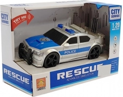 Mașina de poliție argintie la scară 1:20 îi va încânta pe micii iubitori de acțiune. Datorită efectelor de lumină și sunet, celor trei butoane de pe acoperiș și mecanismului cu inerție, copiii se vor bucura de un joc realist de intervenție. Pachetul include baterii, iar portbagajul spate rabatabil și certificarea CE pentru siguranță nu lipsesc.
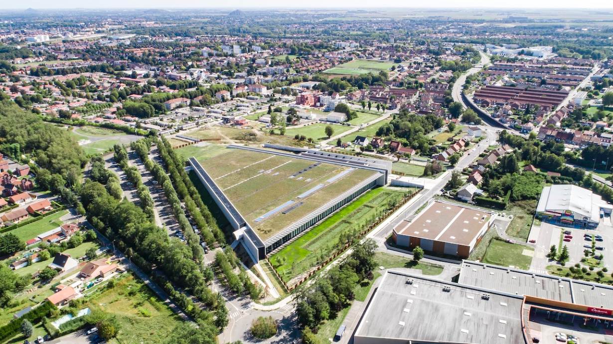 The 18,500 square metre glass and steel building was designed to blend into the local environment, with a grass covered roof where wildflowers grow in the spring, that helps with rainwater management to prevent flash flooding.
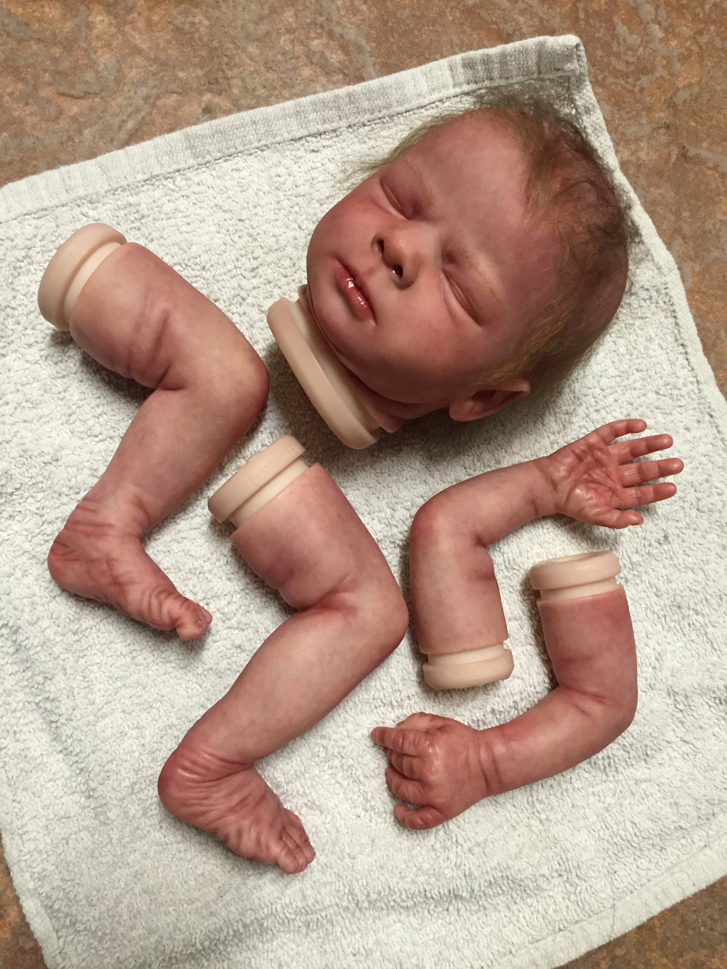 Ahhh! She wants a brand new baby. I would try on a test limb first but I’m thinking the thin layers of a red/pink as andik suggested. I would also think a thin wash of blue or purple as that would add dimension or translucency to the skin and some mottling maybe slightly lighter or darker than your red/pink washes. A faint mottling of vein blue (as one of your first layers) will give the appearance of blood flow under the skin. Also if you look closely, you will notice new babies nail tips are more yellowish than our premixed nail tip colors.
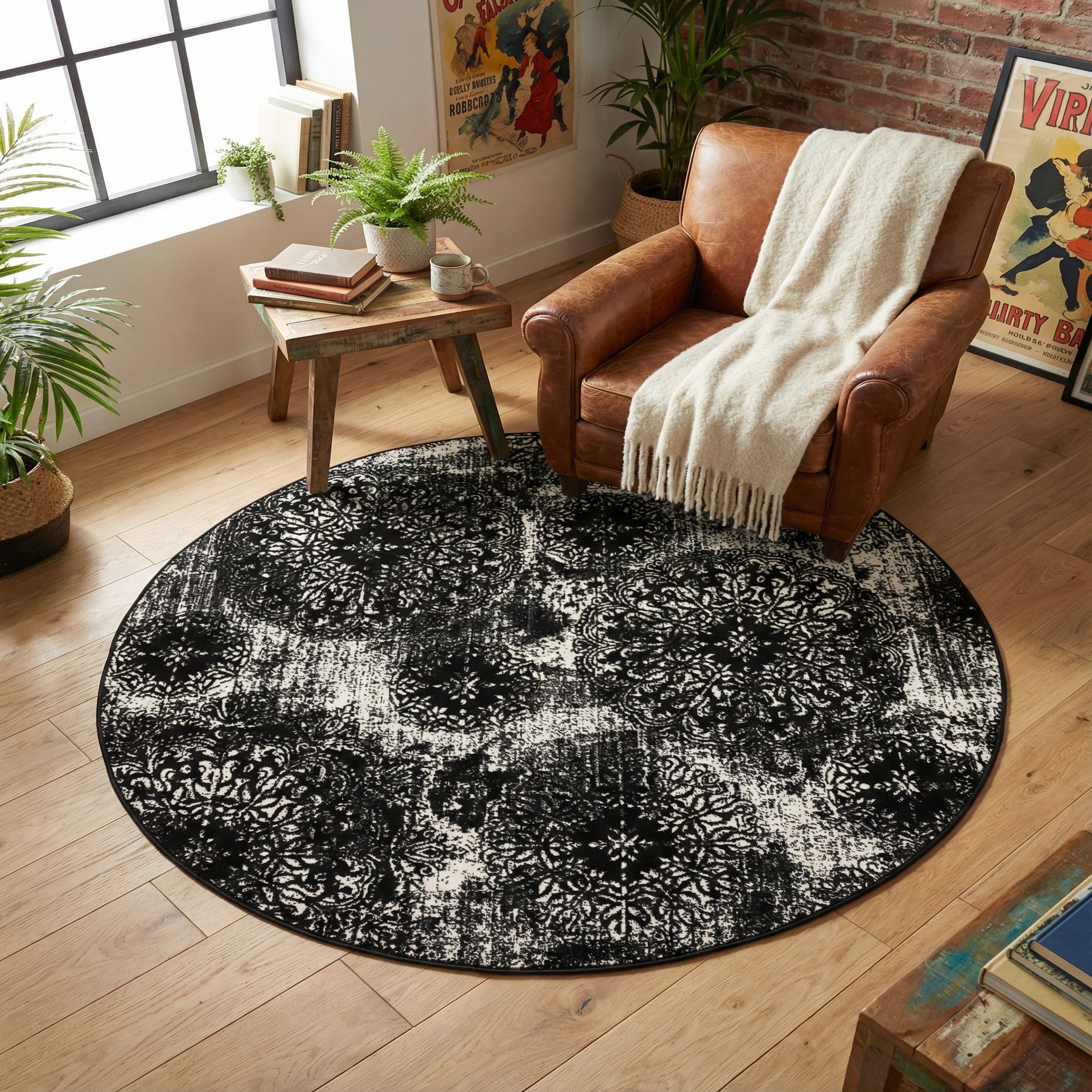 The bold, ornate pattern creates a focal point in any space, making it an excellent choice for living rooms, dining areas, or large entryways where it can serve as the centerpiece of the interior. Its round shape is conducive to creating a sense of intimacy and can help soften the lines of angular furniture, complementing both modern and traditional décor themes. As a stain-resistant and shed-free piece, this rug is practical for areas with high foot traffic and under dining room tables where spills may occur. The striking contrast in color and pattern versatility allows it to slide seamlessly into various design schemes, including monochromatic, minimalist, or even eclectic interiors that call for a dramatic accent.
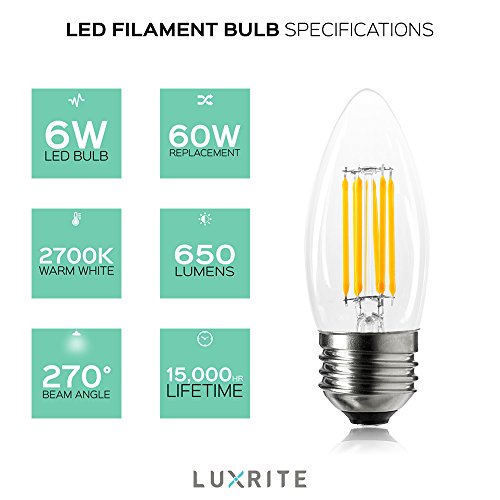 6-Pack LED Chandelier Bulb, Luxrite, 6W (60W Equivalent), 2700K Warm White, 650 Lumens, LED Filament Bulb, Torpedo Tip, E26 Base, UL Listed
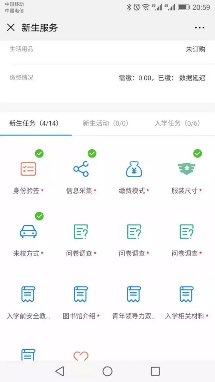 在报到前,随着录取通知书一块发出的,还有一封新生必读,详细的介绍了智慧校园和智慧迎新的使用。新生通过个人微信,关注学校企业微信,就能完成一系列的入学任务、调查问卷,了解学校相关情况,在入学前对学校和大学生活有了充分的了解。
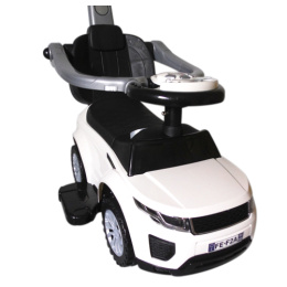 Pojazd generalnie przeznaczony do użytku zewnętrznego, jednak jego ergonomiczna budowa sprzyja i pozwala używać go również w większych pomieszczeniach takich jak taras czy salon. Idealny dla dzieci w wieku 1-3 lat. Muzyka i klakson sterowana przez dziecko z poziomu kierownicy. Wyposażenie pojazdu:
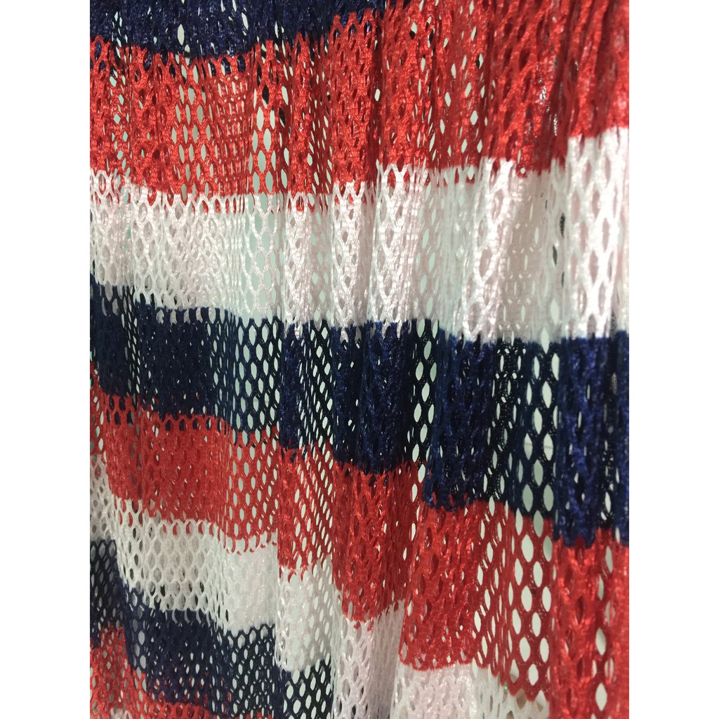 * Mô tả chi tiết: Lỗ nhỏ, sợi lưới dày, đã căng kim, ít giãn (không mềm như loại mềm dày 99), In họa tiết, in sọc đỏ ngang
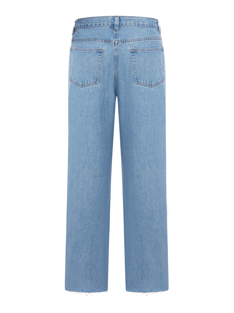 -light blue -cotton -denim -contrast stitching -straight leg -mid-rise -fly and hidden button closure -belt loops -classic five-pocket -raw cut hem
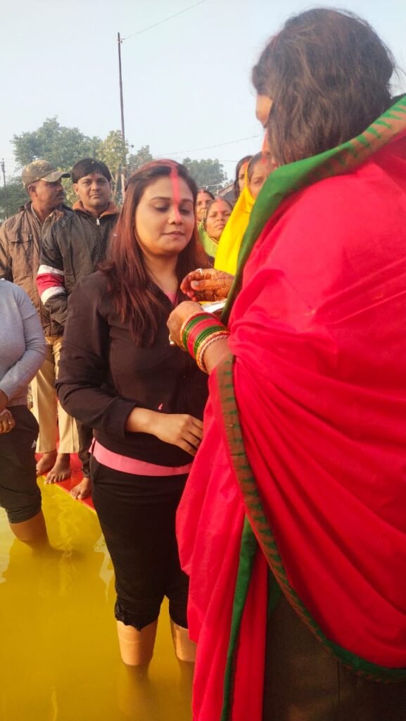 एसडीएम बैकुंठपुर डीएसपी कविता सिंह ठाकुर भी उगते सूर्य को अर्घ्य देने पहुंची
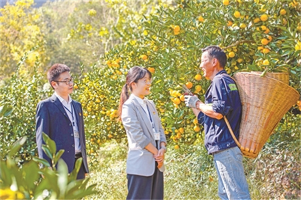 湖北省长阳土家族自治县纪委监委聚焦惠农政策落实、补助资金发放等环节,下沉一线开展监督检查,严查群众身边的腐败和不正之风。图为近日,该县纪检监察干部在高家堰镇柑橘种植基地走访了解情况。唐强 摄
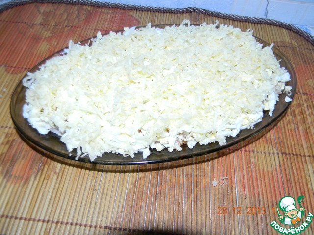 Следующий слой яйцо через терку и сыр, так же через терку...
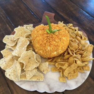 This is a great cheeseball dip! So easy to throw together and if you use nacho cheddar doritos it will give you the perfect color for a pumpkin. If you were creating a spread for a larger crowd you could do another pumpkin cheeseball with cool ranch dorito giving it a pumpkin patch appearance with all colors of pumpkins. However, you decide to present this will be a dip that everyone will be begging for each and every year!
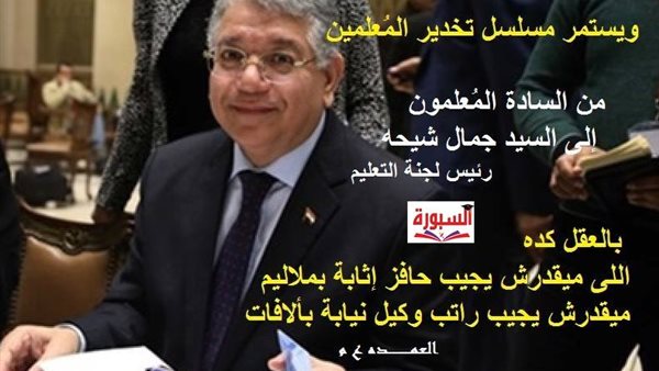قام أحد المعلمين بالرد على السيد جمال شيحة، رئيس لجنة التعليم بمجلس النواب فى رسالة نصها: من السادة المعلمون إلى السيد جمال شيحة رئيس لجنة التعليم:

· · · · ·

What to work on » Starting at the line containing "The bold, ornate" and stopping at the line containing "Pojazd generalnie przeznaczony", output every line above exactly, both ends included, with pictures omitted.

Reply to the task »
 The bold, ornate pattern creates a focal point in any space, making it an excellent choice for living rooms, dining areas, or large entryways where it can serve as the centerpiece of the interior. Its round shape is conducive to creating a sense of intimacy and can help soften the lines of angular furniture, complementing both modern and traditional décor themes. As a stain-resistant and shed-free piece, this rug is practical for areas with high foot traffic and under dining room tables where spills may occur. The striking contrast in color and pattern versatility allows it to slide seamlessly into various design schemes, including monochromatic, minimalist, or even eclectic interiors that call for a dramatic accent.
 6-Pack LED Chandelier Bulb, Luxrite, 6W (60W Equivalent), 2700K Warm White, 650 Lumens, LED Filament Bulb, Torpedo Tip, E26 Base, UL Listed
 在报到前,随着录取通知书一块发出的,还有一封新生必读,详细的介绍了智慧校园和智慧迎新的使用。新生通过个人微信,关注学校企业微信,就能完成一系列的入学任务、调查问卷,了解学校相关情况,在入学前对学校和大学生活有了充分的了解。
 Pojazd generalnie przeznaczony do użytku zewnętrznego, jednak jego ergonomiczna budowa sprzyja i pozwala używać go również w większych pomieszczeniach takich jak taras czy salon. Idealny dla dzieci w wieku 1-3 lat. Muzyka i klakson sterowana przez dziecko z poziomu kierownicy. Wyposażenie pojazdu:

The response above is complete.